[WHAT IS BEING ASKED]:
Look through the data below and count each line where the word "para" appears. Reply with the count alone.

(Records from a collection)
+ + +
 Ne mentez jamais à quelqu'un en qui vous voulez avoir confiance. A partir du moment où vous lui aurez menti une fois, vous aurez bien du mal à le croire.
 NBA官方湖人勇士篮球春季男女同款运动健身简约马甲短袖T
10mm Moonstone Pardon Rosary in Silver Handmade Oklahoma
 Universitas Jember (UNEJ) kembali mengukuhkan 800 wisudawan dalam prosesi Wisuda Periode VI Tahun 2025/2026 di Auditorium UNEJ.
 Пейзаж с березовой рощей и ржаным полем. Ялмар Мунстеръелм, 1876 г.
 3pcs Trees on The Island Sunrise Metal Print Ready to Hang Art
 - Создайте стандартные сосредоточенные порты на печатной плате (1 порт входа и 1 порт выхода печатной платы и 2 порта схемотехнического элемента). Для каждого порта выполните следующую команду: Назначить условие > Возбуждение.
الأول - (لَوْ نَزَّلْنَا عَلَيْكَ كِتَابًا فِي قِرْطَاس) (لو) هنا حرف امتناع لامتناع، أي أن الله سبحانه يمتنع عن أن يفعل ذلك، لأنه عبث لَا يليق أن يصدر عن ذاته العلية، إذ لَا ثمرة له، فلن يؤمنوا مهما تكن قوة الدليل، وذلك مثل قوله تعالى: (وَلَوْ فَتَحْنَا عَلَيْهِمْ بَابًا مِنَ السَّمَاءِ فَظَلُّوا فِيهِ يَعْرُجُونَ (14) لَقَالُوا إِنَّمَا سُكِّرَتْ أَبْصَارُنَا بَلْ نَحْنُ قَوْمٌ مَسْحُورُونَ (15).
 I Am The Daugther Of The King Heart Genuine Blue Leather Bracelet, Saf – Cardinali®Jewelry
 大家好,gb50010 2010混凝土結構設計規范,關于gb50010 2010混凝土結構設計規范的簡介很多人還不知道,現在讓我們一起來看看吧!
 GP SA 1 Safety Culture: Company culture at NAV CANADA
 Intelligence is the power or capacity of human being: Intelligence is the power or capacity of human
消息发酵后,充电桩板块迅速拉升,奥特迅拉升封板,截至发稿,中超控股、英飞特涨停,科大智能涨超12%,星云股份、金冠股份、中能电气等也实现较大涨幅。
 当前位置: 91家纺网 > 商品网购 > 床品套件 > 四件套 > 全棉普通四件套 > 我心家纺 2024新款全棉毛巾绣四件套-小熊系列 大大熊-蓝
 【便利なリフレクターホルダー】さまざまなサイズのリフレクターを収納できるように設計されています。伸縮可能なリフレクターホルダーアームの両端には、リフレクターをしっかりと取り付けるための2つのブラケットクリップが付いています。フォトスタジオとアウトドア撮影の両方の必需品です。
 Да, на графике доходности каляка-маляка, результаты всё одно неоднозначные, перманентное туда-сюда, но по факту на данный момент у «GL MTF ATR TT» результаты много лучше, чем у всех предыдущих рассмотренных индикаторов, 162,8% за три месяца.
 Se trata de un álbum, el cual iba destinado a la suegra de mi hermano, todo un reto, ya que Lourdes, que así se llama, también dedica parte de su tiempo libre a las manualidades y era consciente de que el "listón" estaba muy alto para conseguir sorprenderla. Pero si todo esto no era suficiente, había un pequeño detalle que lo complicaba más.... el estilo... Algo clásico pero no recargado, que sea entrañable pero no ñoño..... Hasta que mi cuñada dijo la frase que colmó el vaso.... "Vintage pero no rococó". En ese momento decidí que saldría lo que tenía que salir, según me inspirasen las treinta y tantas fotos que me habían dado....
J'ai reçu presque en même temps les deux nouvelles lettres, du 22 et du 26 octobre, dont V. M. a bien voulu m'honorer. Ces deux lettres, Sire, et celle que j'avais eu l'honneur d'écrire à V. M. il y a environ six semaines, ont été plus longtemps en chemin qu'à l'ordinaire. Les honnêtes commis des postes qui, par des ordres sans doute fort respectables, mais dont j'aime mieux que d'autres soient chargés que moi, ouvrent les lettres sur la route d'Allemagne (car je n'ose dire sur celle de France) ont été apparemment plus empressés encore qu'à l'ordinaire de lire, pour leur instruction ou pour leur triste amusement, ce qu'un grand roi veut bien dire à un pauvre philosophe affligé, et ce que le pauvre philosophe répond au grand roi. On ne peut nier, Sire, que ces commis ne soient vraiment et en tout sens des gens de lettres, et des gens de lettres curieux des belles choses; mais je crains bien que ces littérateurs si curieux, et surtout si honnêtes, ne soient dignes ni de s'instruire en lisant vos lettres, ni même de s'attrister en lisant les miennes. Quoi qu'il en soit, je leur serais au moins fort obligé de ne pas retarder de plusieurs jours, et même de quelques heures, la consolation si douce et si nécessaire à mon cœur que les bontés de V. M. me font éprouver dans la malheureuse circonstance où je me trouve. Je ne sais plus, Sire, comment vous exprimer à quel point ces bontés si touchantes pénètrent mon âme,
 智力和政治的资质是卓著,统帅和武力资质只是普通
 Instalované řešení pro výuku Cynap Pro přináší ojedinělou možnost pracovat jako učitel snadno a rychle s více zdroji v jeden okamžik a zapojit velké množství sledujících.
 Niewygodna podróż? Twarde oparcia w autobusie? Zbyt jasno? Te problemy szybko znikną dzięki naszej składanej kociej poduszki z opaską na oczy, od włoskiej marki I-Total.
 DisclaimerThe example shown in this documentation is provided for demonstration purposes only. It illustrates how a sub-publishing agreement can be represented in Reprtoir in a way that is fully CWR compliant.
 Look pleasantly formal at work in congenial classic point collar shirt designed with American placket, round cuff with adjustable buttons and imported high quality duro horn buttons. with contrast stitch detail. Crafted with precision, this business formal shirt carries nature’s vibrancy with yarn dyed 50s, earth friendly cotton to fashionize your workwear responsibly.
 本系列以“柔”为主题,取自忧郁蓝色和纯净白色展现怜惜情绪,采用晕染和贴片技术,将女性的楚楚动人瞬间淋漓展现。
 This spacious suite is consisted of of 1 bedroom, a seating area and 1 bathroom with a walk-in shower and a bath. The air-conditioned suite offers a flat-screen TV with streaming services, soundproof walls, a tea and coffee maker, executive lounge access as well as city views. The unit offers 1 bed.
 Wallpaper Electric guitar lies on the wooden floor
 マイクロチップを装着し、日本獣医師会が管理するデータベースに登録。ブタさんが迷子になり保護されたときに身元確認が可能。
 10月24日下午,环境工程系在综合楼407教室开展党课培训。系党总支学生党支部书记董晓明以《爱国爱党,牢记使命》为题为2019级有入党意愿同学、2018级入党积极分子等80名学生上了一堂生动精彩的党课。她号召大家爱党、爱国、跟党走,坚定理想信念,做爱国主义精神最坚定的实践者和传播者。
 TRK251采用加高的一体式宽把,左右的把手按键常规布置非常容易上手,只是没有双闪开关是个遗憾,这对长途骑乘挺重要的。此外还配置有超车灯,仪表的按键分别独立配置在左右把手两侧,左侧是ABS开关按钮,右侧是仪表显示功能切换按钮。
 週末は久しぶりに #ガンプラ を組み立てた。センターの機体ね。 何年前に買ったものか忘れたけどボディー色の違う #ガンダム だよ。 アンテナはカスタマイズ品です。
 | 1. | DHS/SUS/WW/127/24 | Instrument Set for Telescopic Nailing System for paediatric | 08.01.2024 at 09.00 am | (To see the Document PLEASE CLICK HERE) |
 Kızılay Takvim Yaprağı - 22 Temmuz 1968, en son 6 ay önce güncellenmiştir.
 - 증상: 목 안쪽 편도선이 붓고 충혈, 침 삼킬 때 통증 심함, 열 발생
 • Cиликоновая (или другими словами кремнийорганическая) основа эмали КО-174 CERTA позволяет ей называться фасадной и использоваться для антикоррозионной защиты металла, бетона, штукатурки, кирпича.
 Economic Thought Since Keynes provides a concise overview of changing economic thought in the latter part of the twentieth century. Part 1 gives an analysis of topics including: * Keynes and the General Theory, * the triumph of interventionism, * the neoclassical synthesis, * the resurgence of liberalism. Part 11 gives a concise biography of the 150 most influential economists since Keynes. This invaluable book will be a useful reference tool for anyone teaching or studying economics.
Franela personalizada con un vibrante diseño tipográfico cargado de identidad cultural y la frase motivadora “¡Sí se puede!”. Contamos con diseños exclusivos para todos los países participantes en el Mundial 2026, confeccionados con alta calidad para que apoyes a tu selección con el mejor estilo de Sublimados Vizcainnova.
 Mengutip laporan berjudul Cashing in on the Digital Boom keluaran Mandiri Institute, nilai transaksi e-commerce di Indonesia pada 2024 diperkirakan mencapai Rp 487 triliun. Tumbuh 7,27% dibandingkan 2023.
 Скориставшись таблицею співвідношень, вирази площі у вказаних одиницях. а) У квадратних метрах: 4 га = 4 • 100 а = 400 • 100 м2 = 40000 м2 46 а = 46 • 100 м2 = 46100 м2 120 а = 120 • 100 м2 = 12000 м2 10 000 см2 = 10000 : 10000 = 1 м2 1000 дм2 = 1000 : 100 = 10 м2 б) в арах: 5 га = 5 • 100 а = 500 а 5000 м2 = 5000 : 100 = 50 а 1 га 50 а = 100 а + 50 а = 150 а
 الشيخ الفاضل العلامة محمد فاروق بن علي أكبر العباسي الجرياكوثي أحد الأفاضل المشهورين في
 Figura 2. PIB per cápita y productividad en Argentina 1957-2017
+ + +
[TASK SOLUTION]:
2